The war came. And though it brought tremendous trials to the North and the South, it conferred great good fortune on the West. Westerners fought in the war: most Texans on the Confederate side, and nearly all other Westerners with the Union. But very little fighting took place in the West. And the politics of the Civil War served Western interests quite well. More precisely, the politics of the war served particular Western interests. Secession and the war enabled a revolution in American policy toward the ownership of Western land.

The first homestead in the United States, 1904. Library of Congress, Prints and Photographs Division.

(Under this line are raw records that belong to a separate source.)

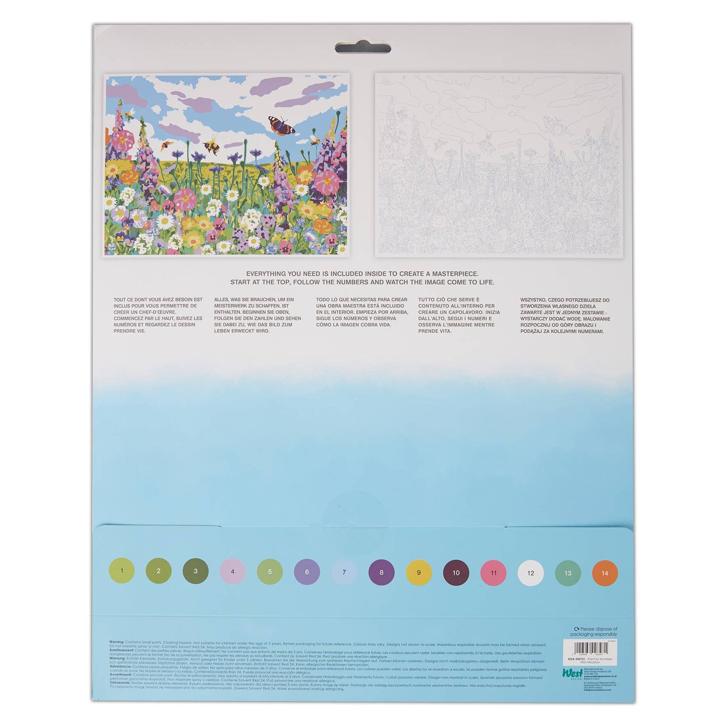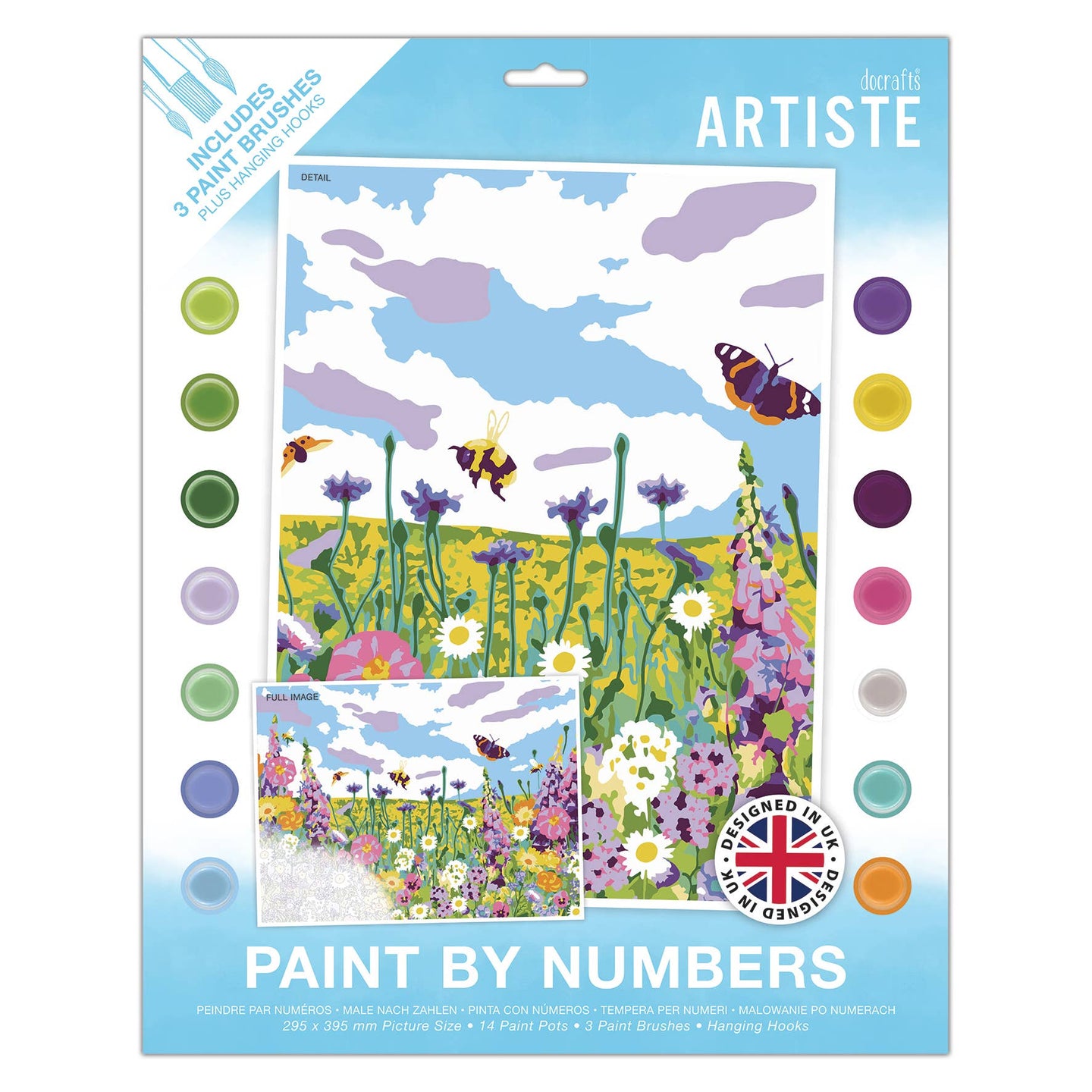 Artiste Acrylic Paint By Numbers Art Set - Wild Meadow - 14 Different Colour Paints, 3 Brushes, Ideal DIY Craft For Adults Or Older Kid, Brush A Masterpiece Art Work
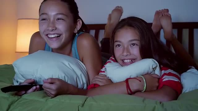 > Mixed race sisters watching television on bed
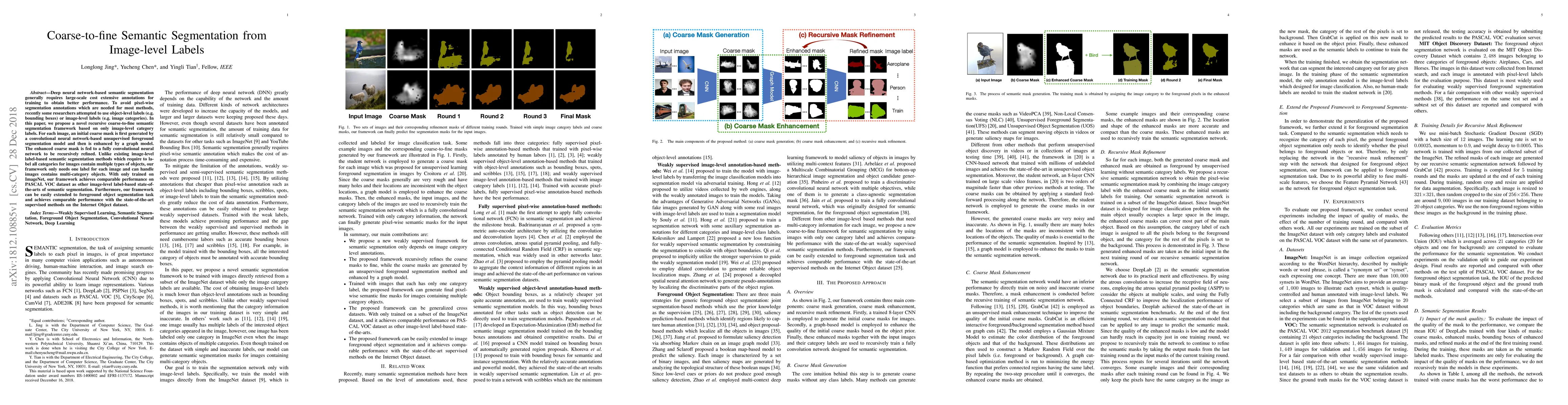 This paper proposes a novel coarse-to-fine semantic segmentation framework that uses only image-level labels for training, avoiding the need for costly pixel-wise annotations. The method achieves comparable performance on the PASCAL VOC dataset and can handle multi-category objects with a single label per image.
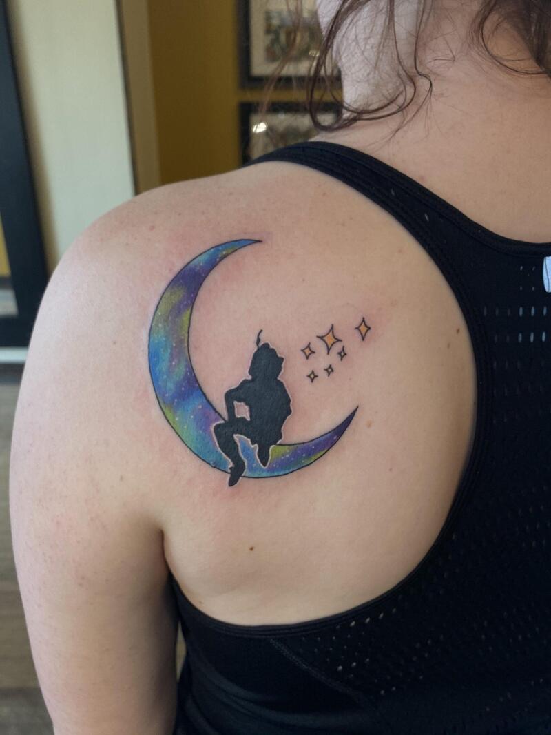Our following suggestion features a stunning moon and stars tattoo idea. This beautiful tattoo begins with a deep blue hue and gracefully transitions into a lighter blue. Its enchanting appearance holds universal appeal and would suit anyone. If you’re considering a similar design, you have the flexibility to explore different colors to create a personalized version.
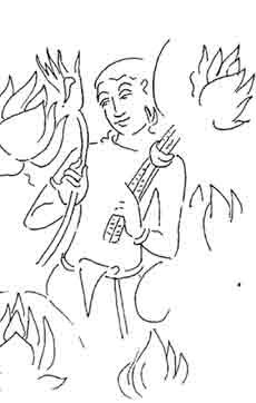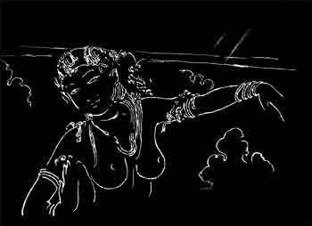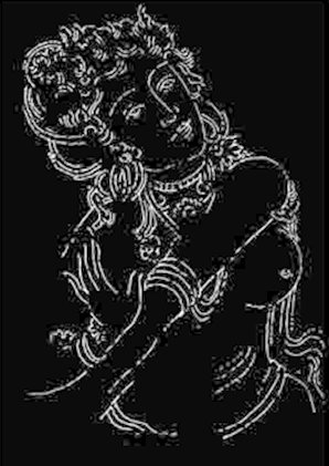 is apart from the others. He carries a bunch of lotus over his left shoulder
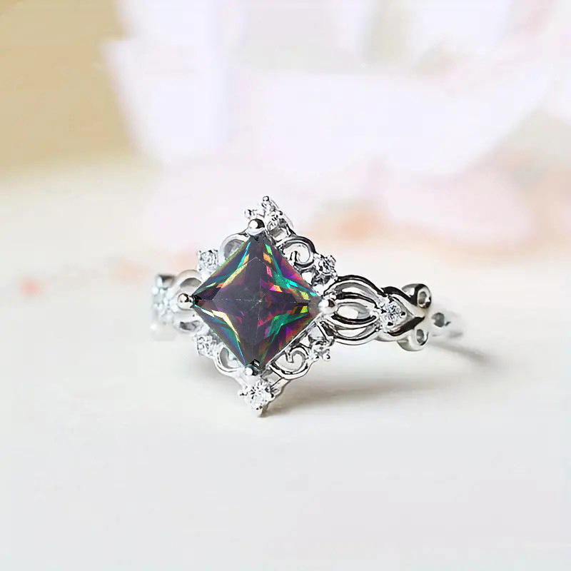 H224 Geometric Topaz Ring 925 Silver Princess Cut Prong Setting Women's Engagement Gemstone Ring
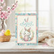 This sweet pastel coloured Easter card features a cute little bunny rabbit in a wreath of flowers while holding a cute pink coloured decorated Easter egg. The words "Happy Easter" are in a blue and pink vintage-style graphic with bunny ears on top. Personalise by customising the message on the inside and/or adding your names - or leaving that part blank if you wish to add handwritten signatures later.

Southern secession made the Republicans the dominant force in national affairs, and in 1862 the Republican-controlled Congress passed the Homestead Act, which authorized every head of family or single adult to receive 160 acres of federal land for free, providing that he or she—women were included—lived on the land for five years and improved it. Transferrable title could be acquired sooner, after one year, by the payment of $1.25 per acre. The law applied to American citizens and to immigrants who had declared an intention to become citizens.

The effective date of the Homestead Act was January 1, 1863, which not coincidentally was the day the Emancipation Proclamation was issued. And just as the Emancipation Proclamation promised to revolutionize life in the South, the Homestead Act appeared certain to revolutionize life in the West. “We cannot but feel that the passage of the Homestead Bill will form a new era in Western emigration,” declared the Kansas Junction Union, in a sentiment echoed in a hundred Western papers. “The field is now fully open to the honest and energetic farmer, who wishes to secure himself a home on easy terms.”